Busy Saturday

The weekends are generally slow on the news side. This wasn't the case for Charlie Weis and Notre Dame on Saturday. After reading through a few nuggets of information related to the team, the Irish head coach joked that there was no need to answer questions.

Weis announced on Saturday that in addition to Tommy Zbikowski and Travis Thomas, John Carlson and Maurice Crum would be the captains for the upcoming football season. This gives Notre Dame two captains apiece on offense and defense. Also, John Sullivan from the offensive line, Trevor Laws from the defensive line and Geoff Price from the specialists would be added to leadership committee.
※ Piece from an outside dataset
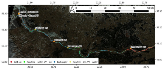 The fraction of pixels in which Sen2Cor and SAR-based methods assigned same classes was the smallest on 24 February 2018 (Table 3), but the largest number of pixels with mismatched classes occurred on 14 February 2017 (Figure 7). On 14 February 2017, we overlapped satellite data acquired for the Nemunas River downstream from the Kaunas HPS Reservoir and for a 70 km long section of the Neris River upstream from its mouth (Figure 1). According to ground observations, the Nemunas River was covered with consolidated ice in all hydrological stations downstream from the Smalininkai HS (111 km from mouth). Visual analysis of Sentinel-2 images revealed that consolidated ice or dense ice rafts were in the 175 km river section from the river mouth. Sen2Cor assigned most pixels in this section of the river to the open water class (Figure 10).

These two moves were made earlier than usual by Weis because of the young makeup of the Irish.

The two big pieces of news were connected. First, freshman Gary Gray, a 5-11, 180-pound early enrollee, broke his arm yesterday in practice in a one-on-one bump drill with a wide receiver. He broke the arm by trying to catch his fall. The good news is that it's not displaced. The bad news: Gray will be out 4-6 weeks and miss the rest of spring practice. The freshman came to campus to get a head start on the defensive backfield competition and now he'll have to sit and watch from the sidelines.

"It's enough that you have to put it in a cast for at least four weeks," Weis said of Gray. "We talked about it last night. This isn't something you wait on. We went ahead and put it in a cast. There's no pin. You let the thing heal. That's what you do."

Gray's absence in spring made for one less cornerback competing for playing time. Insert Munir Prince. The 5-10, 184-pound sophomore was stuck in a quagmire at the running back position. With Thomas moving back over to offense and James Aldridge, Armando Allen and Junior Jabbie all in the mix, a move over the defensive side of the ball for Prince was not out of the question.

Prince carried the ball 15 times for 21 yards last season for an average of just 1.4 yard per rush. His speed and athleticism that so many Notre Dame fans were excited about never took off in 2006. But with Gray's injury, Weis thought the cornerback position was getting a bit too light depth-wise. Prince was the natural choice to flip sides. He has previous experience. In high school as a junior in East St. Louis, MO, Prince was an all-state selection at cornerback. The timing for the move was just right.

"He talked about the potential of moving over the corner," Weis said. "It was ironic that we recently talked about it. This morning, we discussed it. He said for me to consider it. I told him consider it done."

Last season, Thomas moved from running back to linebacker more out of need than desperation. Prince's switch is more a matter of want and the chance to see increased playing time on the field.

"He thinks he can get on the field faster as a corner than as a running back," Weis said. "When a guy has played at a very high level at high school as a all-state corner, you're not asking him to do something he's never done before."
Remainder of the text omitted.